"A gradual blunting of the emotions, indifference or silliness with serious defects of judgment and often hypochondriacal complaints, suspicions or ideas of reference.
"Development of peculiar trends, often fantastic ideas, with odd, impulsive or negativistic conduct not accounted for by any acute emotional disturbance or impairment of the sensorium.
"Appearance of autistic thinking and dream-like ideas, peculiar feelings of being forced, of interference with the mind, of physical or mystical influences, but with retention of clearness in other fields (orientation, memory, etc.).
"According to the prominence of certain symptoms in individual cases the following four clinical forms of dementia praecox may be specified, but it should be borne in mind that these are only relative distinctions and that transitions from one clinical form to another are common:
"(a) Paranoid type: Cases characterized by a prominence of delusions, particularly ideas of persecution or grandeur, often connectedly elaborated, and hallucinations in various fields.
"(b) Catatonic type: Cases in which there is a prominence of negativistic reactions or various peculiarities of conduct with phases of stupor or excitement, the latter characterized by impulsive, queer or stereotyped behavior and usually hallucinations.
"(c) Hebephrenic type: Cases showing prominently a tendency to silliness, smiling, laughter, grimacing, mannerisms in speech and action, and numerous peculiar ideas usually absurd, grotesque and changeable in form.

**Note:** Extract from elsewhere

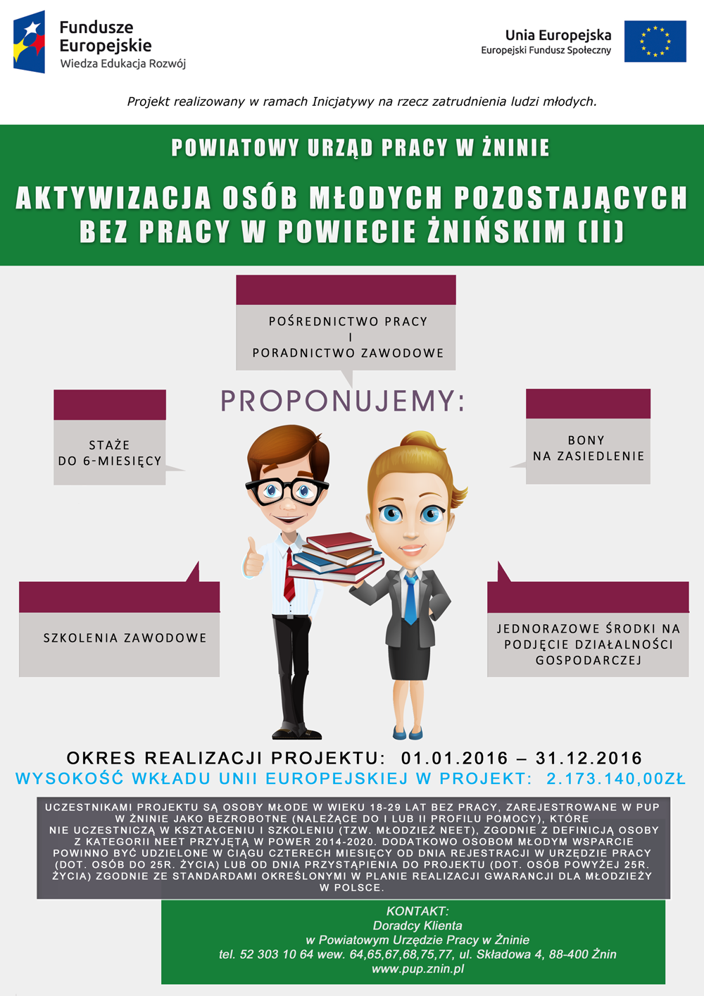 Tytuł projektu: „Aktywizacja osób młodych pozostających bez pracy w powiecie żnińskim (II)".
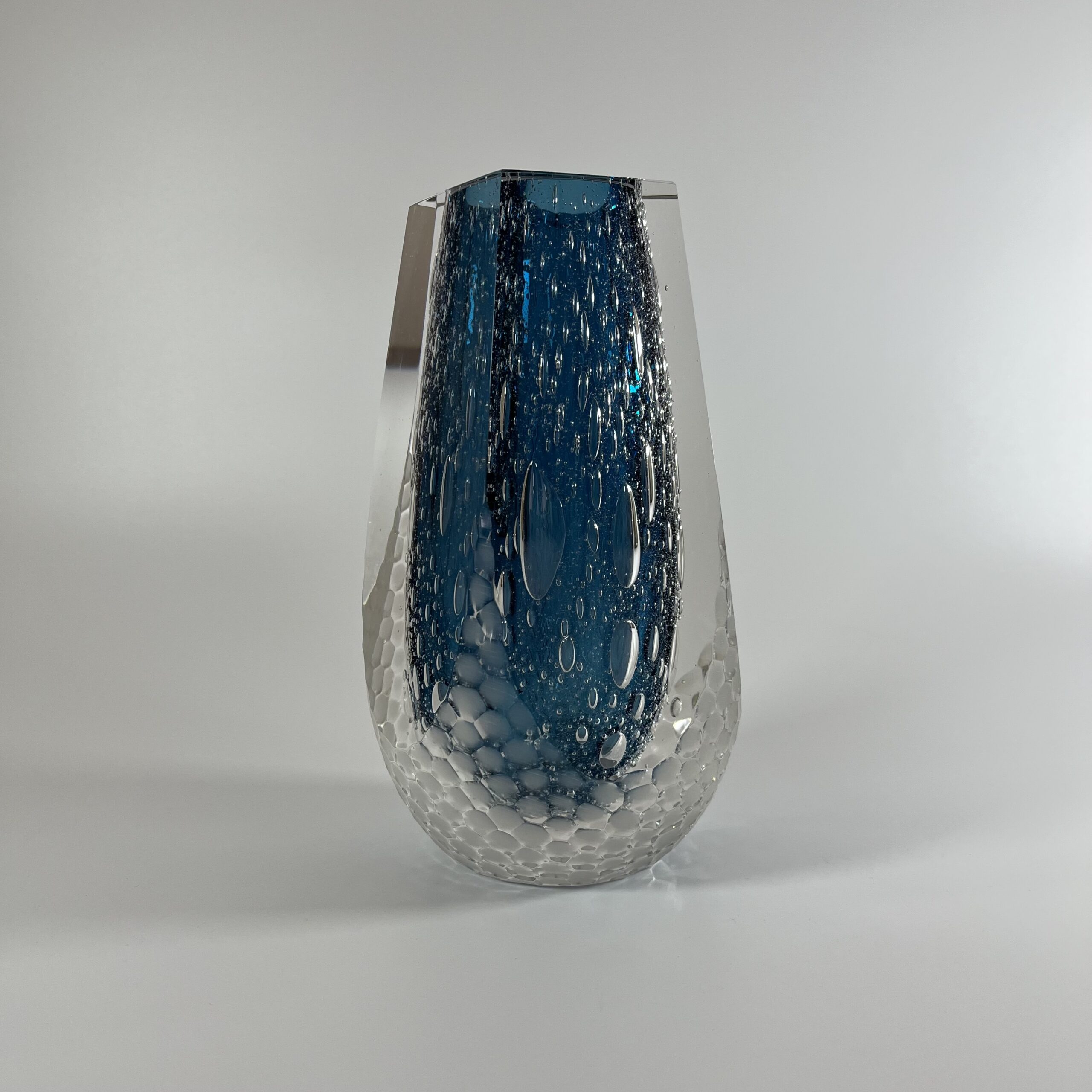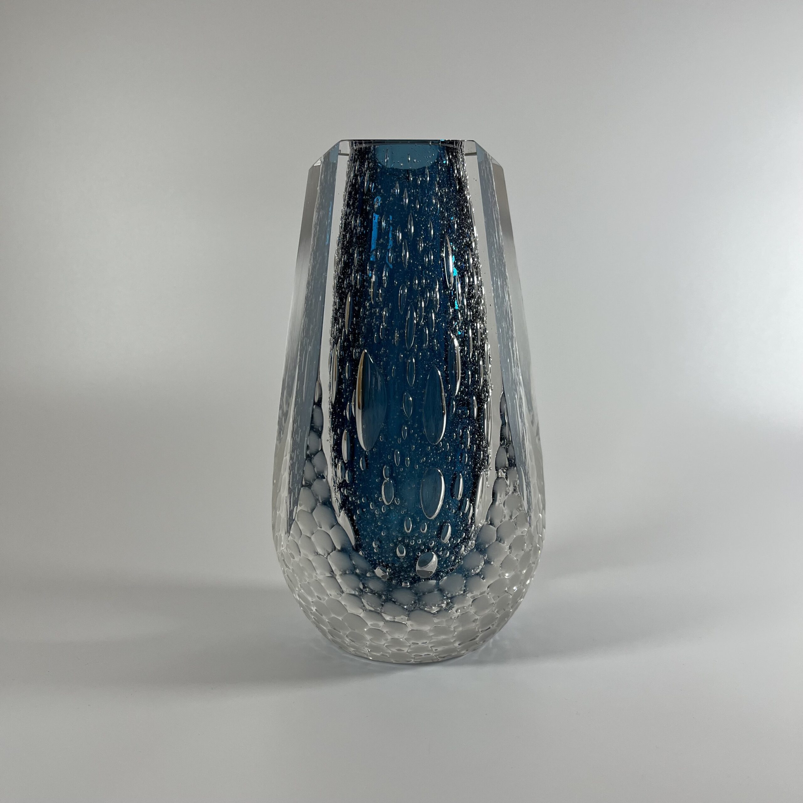 Hranovaná váza Rainfall s barevným jádrem s bublinami a křišťálem

"(d) Simple type: Cases characterized by defects of interest, gradual development of an apathetic state, often with peculiar behavior, but without expression of delusions or hallucinations.
"(e) Other types."
A sufficient number of reports has been received from hospitals using this classification to warrant a preliminary survey of the information available at this time on the subject of dementia praecox. Perhaps it would be well to summarize first such information as is to be obtained from other sources. Diefendorf[309] states that dementia praecox constitutes from fourteen to thirty per cent of all admissions to institutions, fifty-eight per cent of the total number being of the hebephrenic, eighteen per cent, of the catatonic, and twenty-two per cent, of the paranoid variety. Kraepelin[310] (1913) found that dementia praecox constituted ten per cent of all admissions, classified as to types as follows:—Silly dementia, thirteen per cent; simple depressive dementia, ten per cent; delusional depressive dementia, thirteen per cent; circular dementia, nine per cent; agitated dementia, fourteen per cent; periodic dementia, two per cent; and katatonia, 19.5 per cent. He reported a history of hereditary taint in seventy per cent of his cases. Diefendorf found the onset of the disease in sixty per cent of all cases before the twenty-fifth year, Kraepelin, in fifty-seven per cent. Kraepelin[311] states that seizures occurred in twenty-one per cent of his cases of silly dementia and in the other types as follows:—simple depressive dementia, seventeen per cent; delusional depressive dementia, twenty-seven per cent; circular dementia, twenty per cent; agitated dementia, twenty per cent; katatonia, seventeen per cent; paranoid dementia gravis, three per cent and paranoid dementia mitis, five per cent. Unfortunately a survey of the other literature of the day throws little additional light on these subjects.